RECORDS PROVIDED
━━━━━━━━━━━━━━━━━━━━

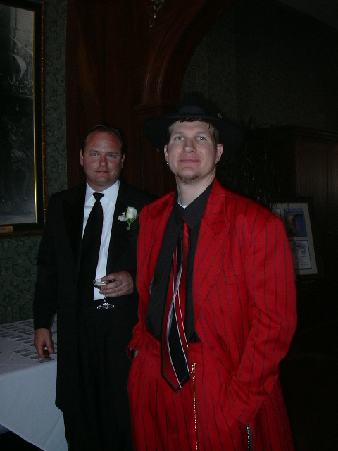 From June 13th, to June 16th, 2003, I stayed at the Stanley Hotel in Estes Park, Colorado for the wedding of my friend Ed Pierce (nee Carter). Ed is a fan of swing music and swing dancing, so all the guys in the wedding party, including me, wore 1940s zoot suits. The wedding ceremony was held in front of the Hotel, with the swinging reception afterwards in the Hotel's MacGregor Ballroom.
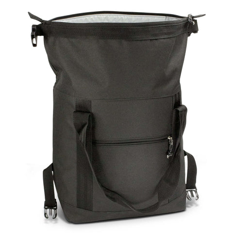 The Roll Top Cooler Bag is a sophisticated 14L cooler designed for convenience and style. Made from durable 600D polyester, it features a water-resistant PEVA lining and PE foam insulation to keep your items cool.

━━━━━━━━━━━━━━━━━━━━

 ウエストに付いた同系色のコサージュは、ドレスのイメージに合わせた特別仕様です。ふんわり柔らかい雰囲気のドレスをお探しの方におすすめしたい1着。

━━━━━━━━━━━━━━━━━━━━

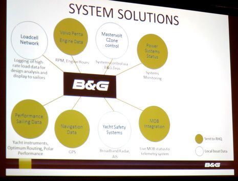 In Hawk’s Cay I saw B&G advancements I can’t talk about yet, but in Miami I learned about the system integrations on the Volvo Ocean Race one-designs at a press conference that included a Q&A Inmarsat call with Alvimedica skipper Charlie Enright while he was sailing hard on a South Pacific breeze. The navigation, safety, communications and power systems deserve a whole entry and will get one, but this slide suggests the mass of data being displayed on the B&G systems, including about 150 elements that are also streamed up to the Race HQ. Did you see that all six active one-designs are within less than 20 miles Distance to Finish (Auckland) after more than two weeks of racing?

━━━━━━━━━━━━━━━━━━━━

EXERCISE REQUIREMENTS
Up in the listing, locate the line with "From June 13th, to"; print it and every line after it down to the line with "The Roll Top", which is included too. Skip the pictures.

TASK OUTPUT
 From June 13th, to June 16th, 2003, I stayed at the Stanley Hotel in Estes Park, Colorado for the wedding of my friend Ed Pierce (nee Carter). Ed is a fan of swing music and swing dancing, so all the guys in the wedding party, including me, wore 1940s zoot suits. The wedding ceremony was held in front of the Hotel, with the swinging reception afterwards in the Hotel's MacGregor Ballroom.
 The Roll Top Cooler Bag is a sophisticated 14L cooler designed for convenience and style. Made from durable 600D polyester, it features a water-resistant PEVA lining and PE foam insulation to keep your items cool.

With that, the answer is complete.